Sobre a COMPESA, os privatistas precisam saber que, somente em 2022, a Companhia Pernambucana de Saneamento investiu R$ 1,02 bilhão em ações de implantação, expansão e melhoria da infraestrutura dos sistemas de água e de esgoto, além de ações de fortalecimento institucional, um crescimento de 15% em comparação ao ano anterior, segundo o relatório integrado de administração e sustentabilidade da companhia de 2023. Caso a gestão caia nas mãos do setor privado, a companhia entrará em uma nova rota de priorização, que é habitualmente a busca por lucro pelos seus donos privados e nessa lógica de mercado, deverá priorizar as localidades que exigem menores investimentos e permitam uma operação mais lucrativa. No mercado sem concorrência, monopolizado e de fornecimento de serviço essencial para a sobrevivência humana, é provável que o controle social sobre a prestação desses serviços deixará de existir, como ocorre no setor de energia elétrica e telecomunicações, sendo a população obrigada a pagar contas altíssimas, a exemplo do que acontece com a CELPE, que aumentou em cerca de 47% a mais a sua tarifa em relação à COMPESA, em análise feita entre os anos de 2010 e 2020.
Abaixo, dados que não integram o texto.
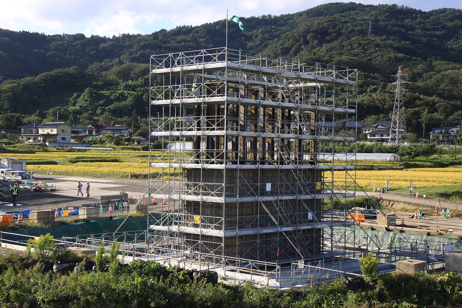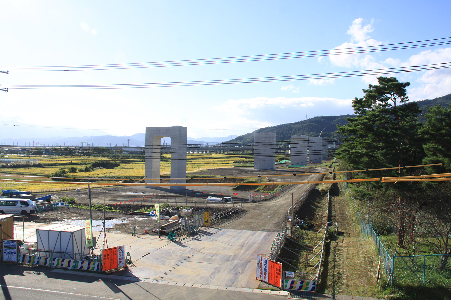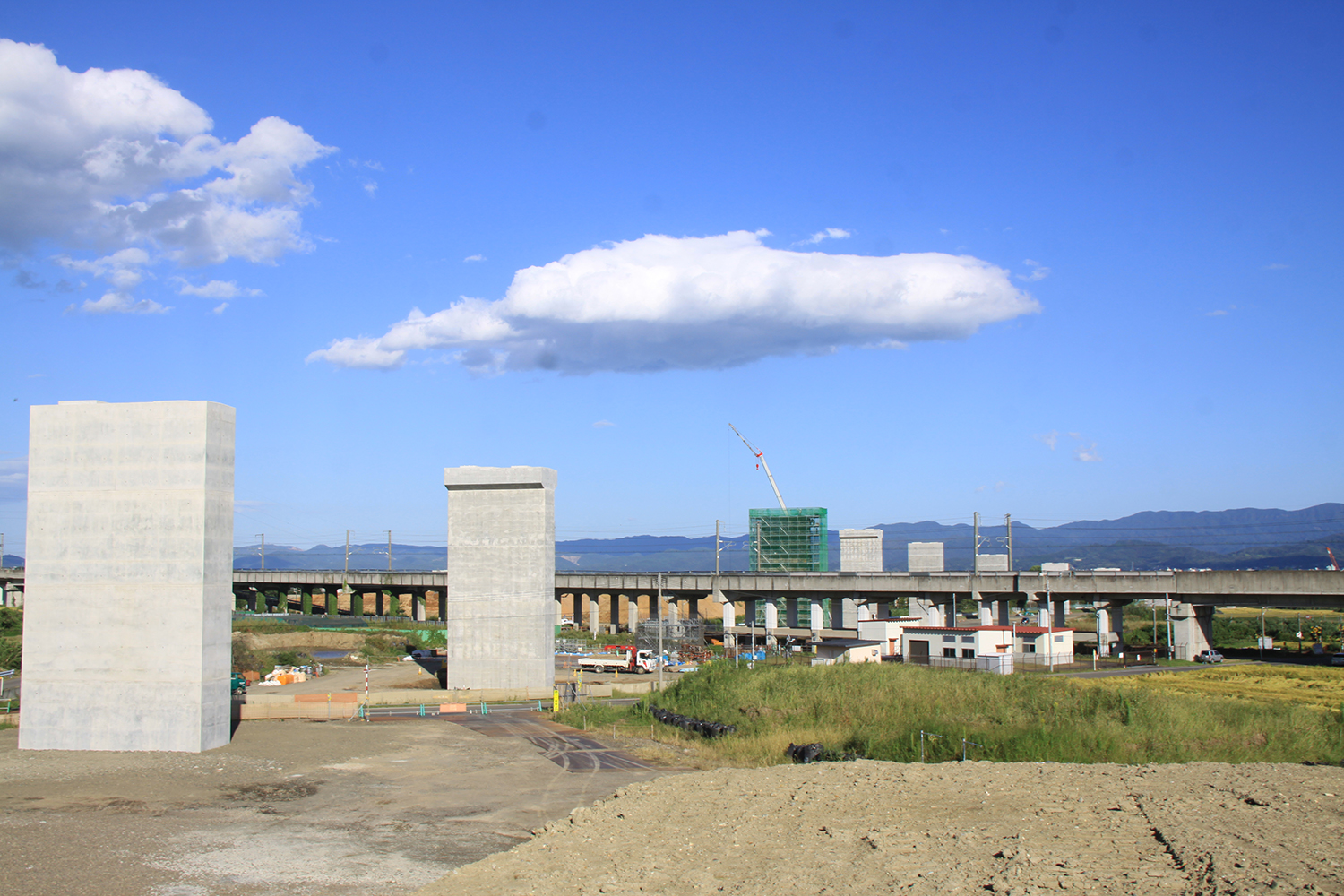 桑折高架橋の進捗写真①新幹線を隔てて東側(井手迫瑞樹撮影)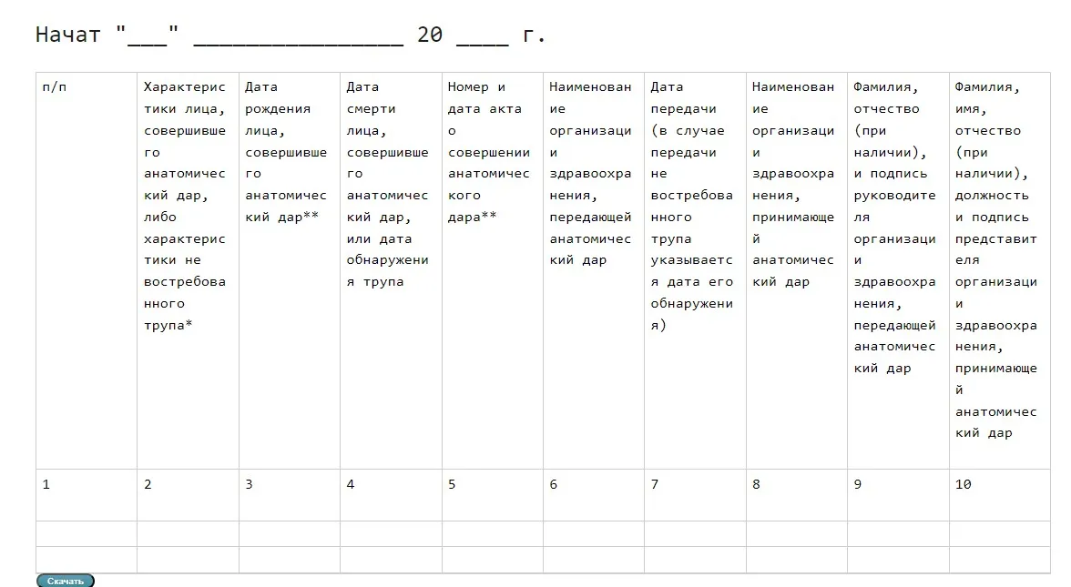 Вопросом передачи органов или тканей трупов тех, кто добровольно на это согласился, занимается специальная комиссия. Акт составляют по следующей форме: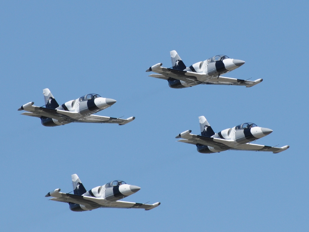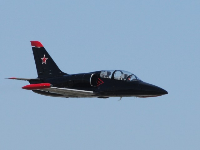 This one ran solo passes while another 4 L-39s did formation work. At the end, all formed up with the black one in the lead. Here are a couple of the formations.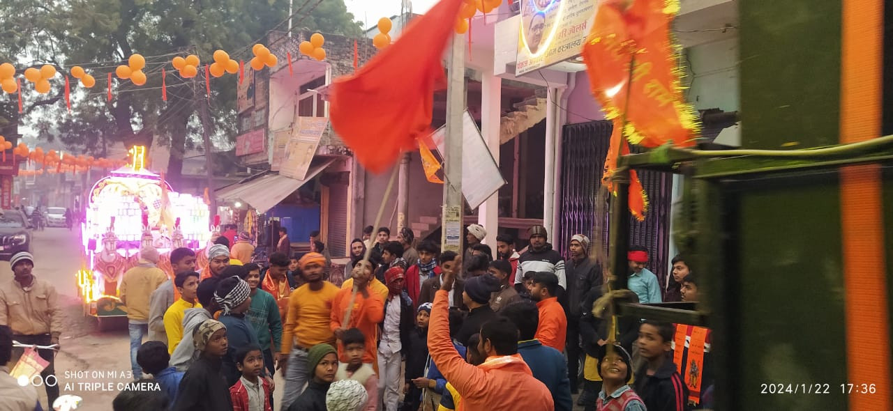 अहरौला - आजमगढ़। अयोध्या में 500 वर्षों बाद राम मंदिर के निर्माण पर पूरे देश में भव्य रूप से इस उत्सव को लोगों ने दीपावली की तरह मनाया अहरौला में राम जानकी मंदिर पर भजन कीर्तन रामायण पाठ के साथ लाइट और झालरों से सजाया गया और शाम करीब 6:00 बजे राम जी की सवारी के डिजे के साथ भब्य शोभायात्रा निकाली शोभायात्रा पूरी तरह से भगवा मै दिखीं हर तरफ श्री राम के जयकारे लगा रहे थे झूमते हुए नाचते हुए गाते हुए पूरे कस्बे के लोग अहरौला से लेकर मतलूपुर चांदनी चौक पकड़ी तक रात कारी 11:00 बजे तक यह शोभायात्रा चलती रही जिसमें प्रसाद वितरण भी किया जा रहा था पूरे कस्बे को हर घर पर दिया जलाकर पूरी तरह से देव दिवाली मनाई जा रही थी और पूरे कस्बे को भगवा कलर के गुब्बारे और झालरों से सजा दिया गया था पूरे कस्बे को चुने से छिड़काव कराकर सजाया गया था यह सारी व्यवस्था ग्राम प्रधान अहरौला कल्पना चौरसिया के नेतृत्व में किया गया था और उसमें कार्यक्रम को सफल बनाने में मनीष बरनवाल शेखर सोनकर अमन अग्रहरि श्री घनश्याम पांडेय सूरज जायसवाल ऋषभ नीरज चौरसिया चौरसिया आकाश अग्रहरि आकाश सोनकर आजाद जायसवाल अरविंद अग्रहरि आलोक बरनवाल आदि रहे इसी तरह अहरौला के उदैना में रोशन उपाध्याय और रीना उपाध्याय के द्वारा भव्य रूप से सुंदरकांड पाठ के साथ राम जी की भब्य शोभा यात्रा निकाली गई यह शोभायात्रा पूरे गांव में घर-घर पहुंचकर लोगों को राम के प्रति शुभ संदेश दे रहे थे बच्चे राम लक्ष्मण सीता हनुमान भरत और शत्रुघ्न के रूप में राम के रूप में प्रदर्शित हो रहे थे यह शोभायात्रा डिहकाली स्थान पर पहुंची जहां पर पूजन आरती के साथ प्रसाद वितरण का कार्यक्रम हुआ इस मौके पर गांव की महिलाओं ने मंगल गीत गाए।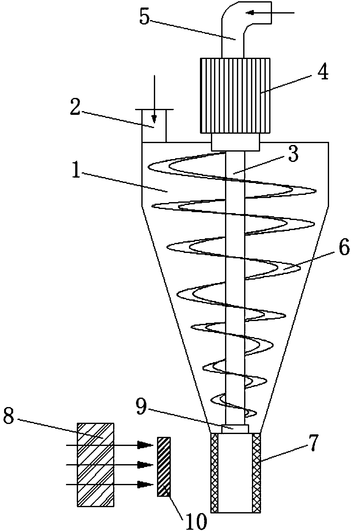 4.根據(jù)權(quán)利要求1所述的一種高效率化學(xué)廢水廢渣處理設(shè)備,其特征在于:所述鼓風(fēng)電機(jī)(8)的出風(fēng)口朝向脫水管道(7)的側(cè)壁方向,且鼓風(fēng)電機(jī)(8)的出風(fēng)口前側(cè)還裝設(shè)有電加熱結(jié)構(gòu)(10)。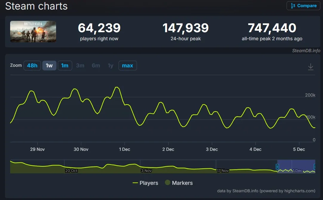 在《战地6》正式推出前的几个月里,市场对这款射击游戏的期待值曾攀升至前所未有的水平,业内不少声音都认为今年或许会成为“战地之年”。游戏上线初期的表现确实亮眼,一度创下约75万玩家同时在线的纪录,这一数据超过了历代《使命召唤》系列的首发同期成绩。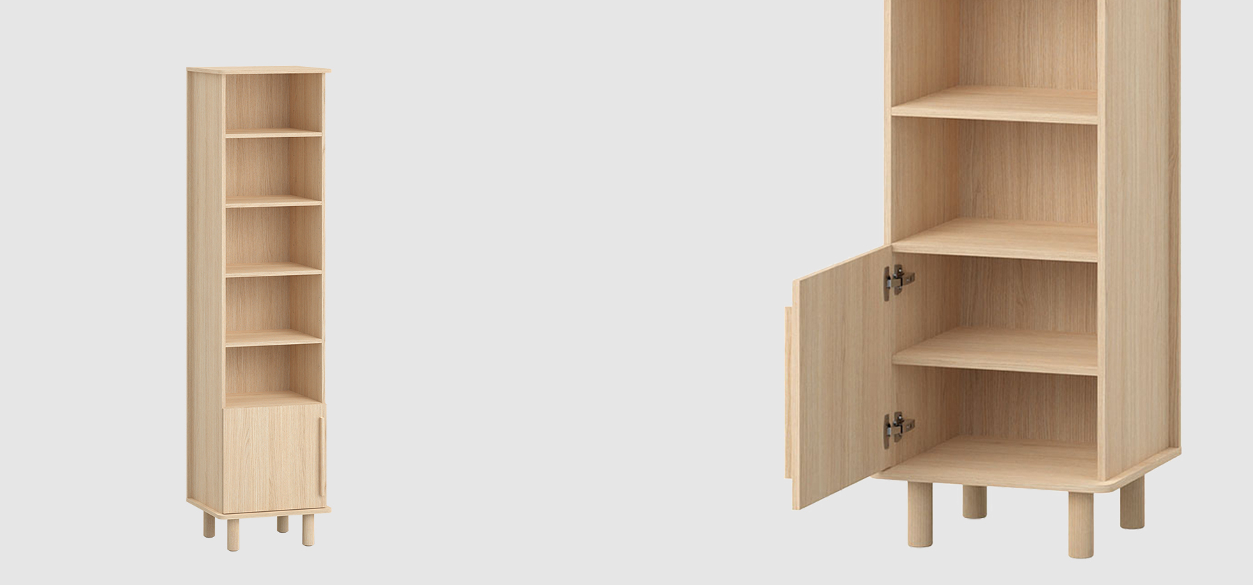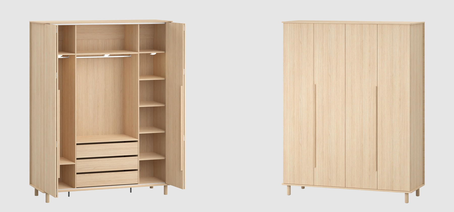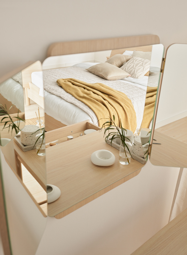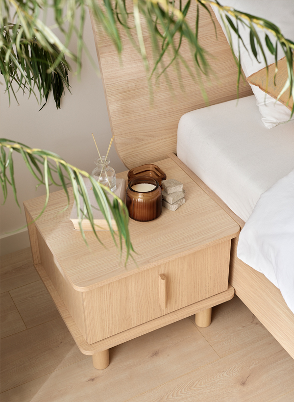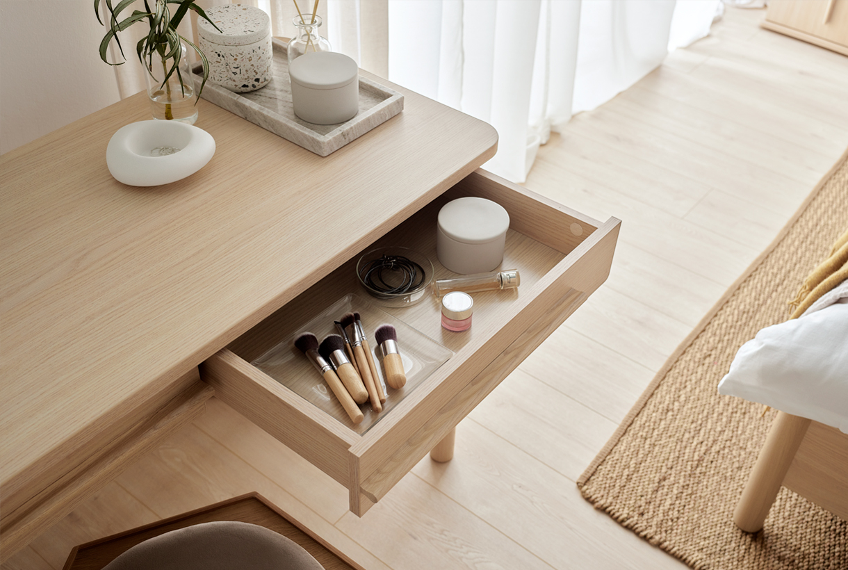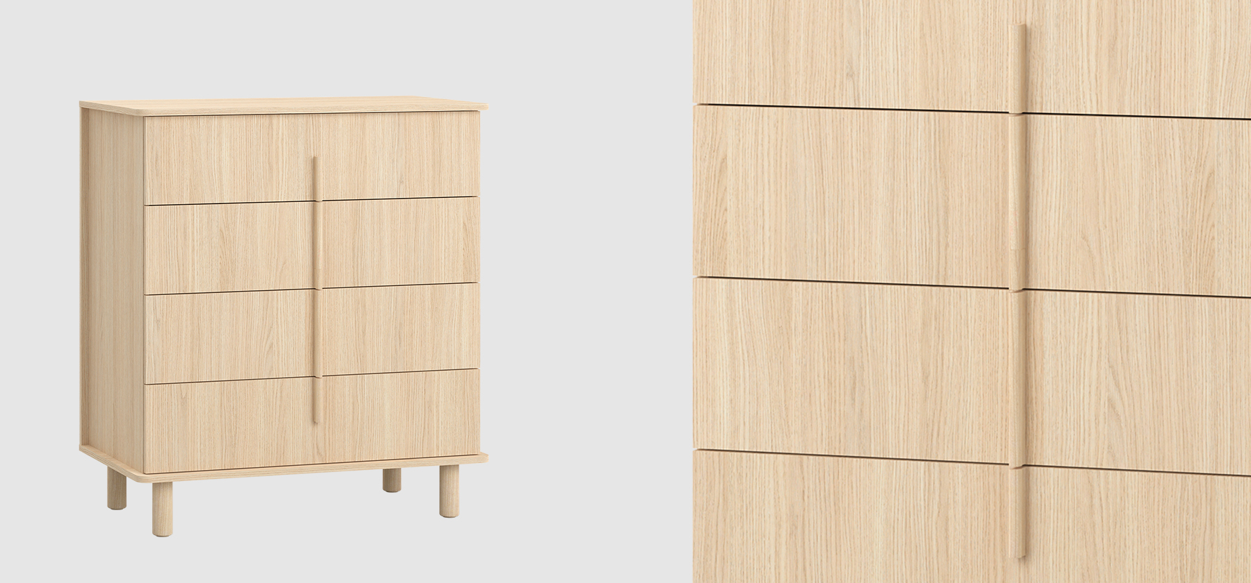 While designing the OMM collection, I merged two closely related styles - Japanese and Scandinavian. Their essence has been remixed and adapted to our context. Details crafted from solid wood, such as handles or legs, impart a great deal of homely warmth to the furniture and introduce a sense of harmony into the interior. Furniture with wooden elements is a choice for years to come. Oak, rounded handles are pleasant to the touch, and sturdy, curved legs give OMM lightness and a unique character. For this collection, we opted for a harmonious, serene wood grain and a light, natural hue. The rounded wooden elements endow OMM with subtlety and a distinct character.dirimage-carousel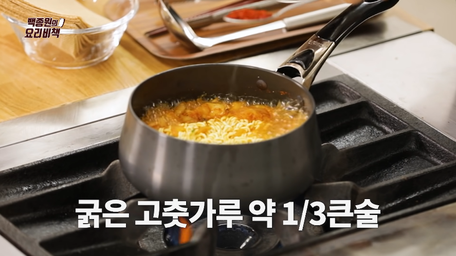 면이 완전히 풀어지고 약 1분정도 끓인 후 불을 끈다.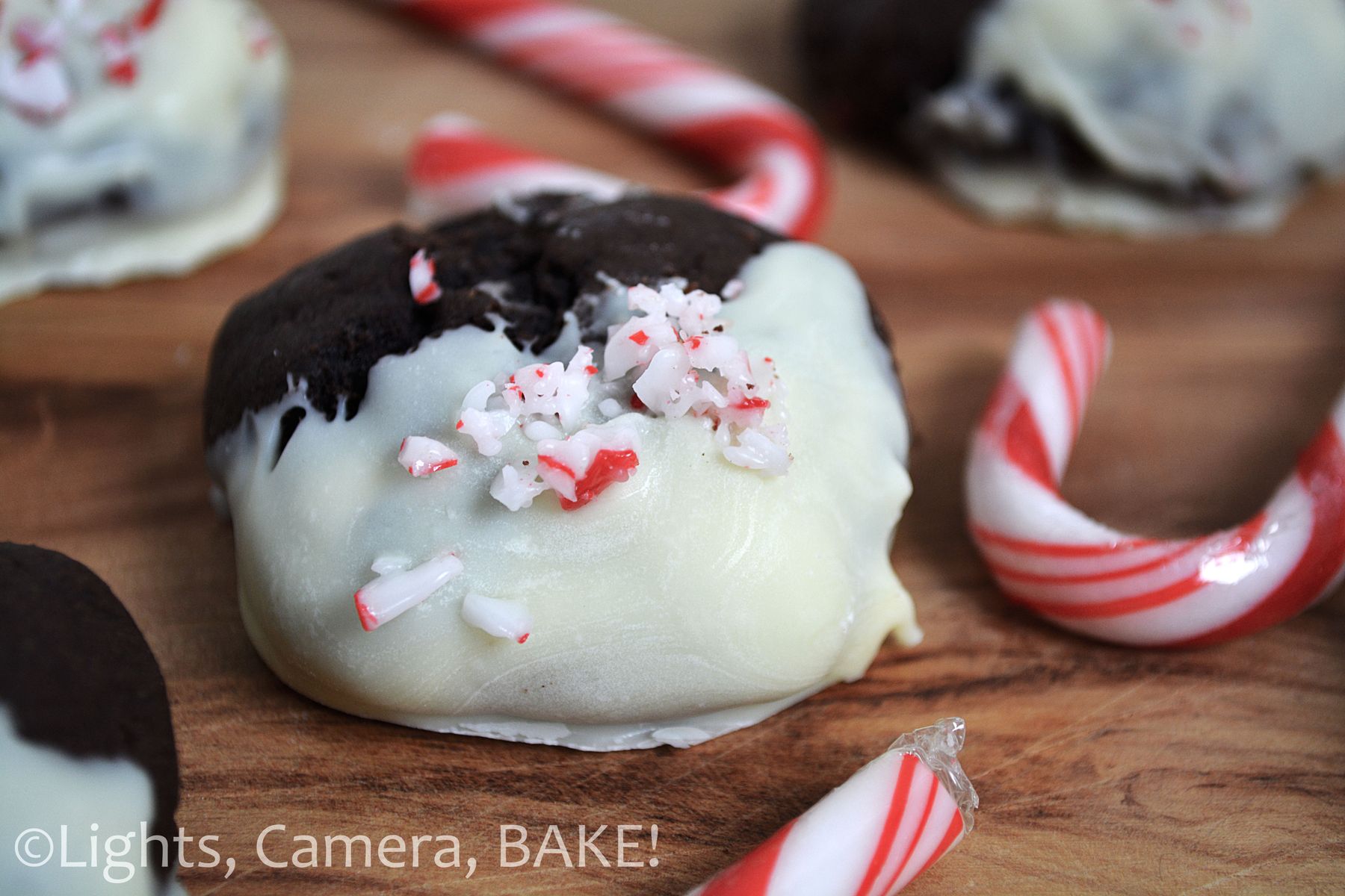 Chocolate cookies with a few white chocolate chips and crushed candy canes thrown in and then dipped in melted white chocolate.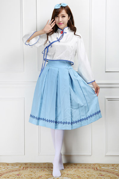 ハロウィンやコスプレイベントには白×青の清楚系な中華風ロリータで!歌うバーチャルアイドルの衣装をモチーフにしたコスチューム♪チャイナ服を彷彿とさせるデザインとツヤっとした白い生地のトップスに、サックスブルーのスカートとリボンがセットになった衣装。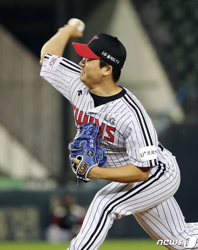 (서울=뉴스1) 김진환 기자 = 21일 오후 서울 잠실야구장에서 열린 '프로야구 2021 신한은행 SOL KBO리그' 키움히어로즈와 LG트윈스의 경기 LG 마무리 고우석이 9회초 등판해 힘차게 공을 던지고 있다. 2021.10.21/뉴스1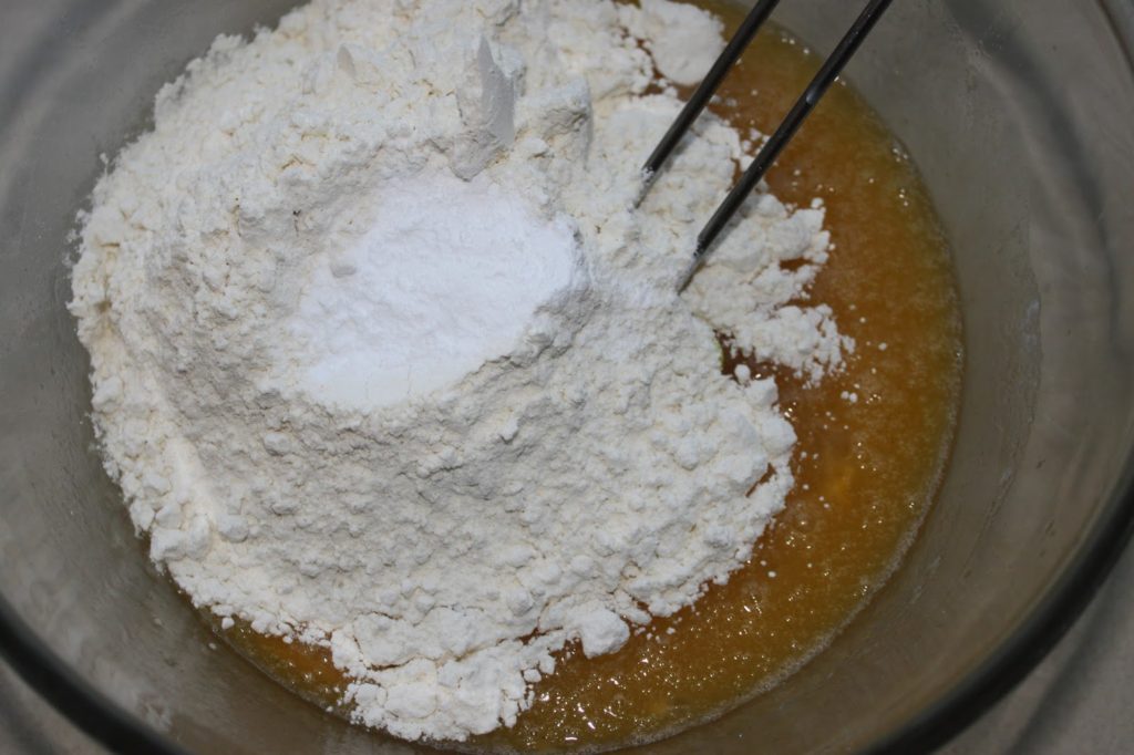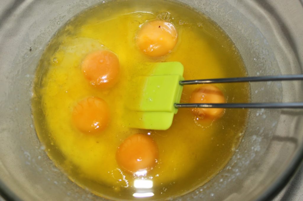 Mélangez bien et ajoutez les œufs. Pesez-les, ne comptez pas ceux sur la photo !! Car j’ai utilisé un moule plus grand et des quantités plus importante !! C’est bien 195g d’œuf en définitive pour le moule à cake utilisé.

É muito pouco provável que quem defende a COMPESA privada saiba do estudo das Nações Unidas que aponta 180 casos de reestatização do fornecimento de água e esgotamento sanitário em 35 países, em cidades como Paris (França), Berlim (Alemanha), Buenos Aires (Argentina), Budapeste (Hungria), La Paz (Bolívia) e Maputo (Moçambique), entre 1999 e 2014. Desse total, houve 136 casos em países de alta renda e 44 casos em países de baixa e média renda. Aqui no Brasil, Tocantins e Manaus são exemplos de gestão privada que fracassaram. Esses locais possuem os maiores valores de tarifas e os piores indicadores de cobertura de serviços de água e esgoto no Brasil, segundo relatório do Governo Federal emitido em 2020.
Após a publicação dos dois decretos 11.466 e 11.467, surge um novo momento no setor de saneamento no Brasil. É hora de avançar sem picuinhas ou subserviência ao setor privado. É hora de avançar na defesa da universalização do acesso à água e esgotamento sanitário, da redução do nível de rodízio e da melhoria na qualidade da água. É hora de avançar na busca de soluções de engenharia para a execução de obras estruturadoras que permitam a garantia da dignidade humana, especialmente das pessoas que mais precisam. É hora de avançar na defesa da COMPESA pública e eficiente, como instrumento de transformação social.
* Ermes Costa é engenheiro de carreira da COMPESA desde 2008, onde atuou, dentre outras funções, como Diretor de Desenvolvimento e Sustentabilidade. É também professor da UPE e atualmente ocupa o cargo de secretário de Habitação do Recife.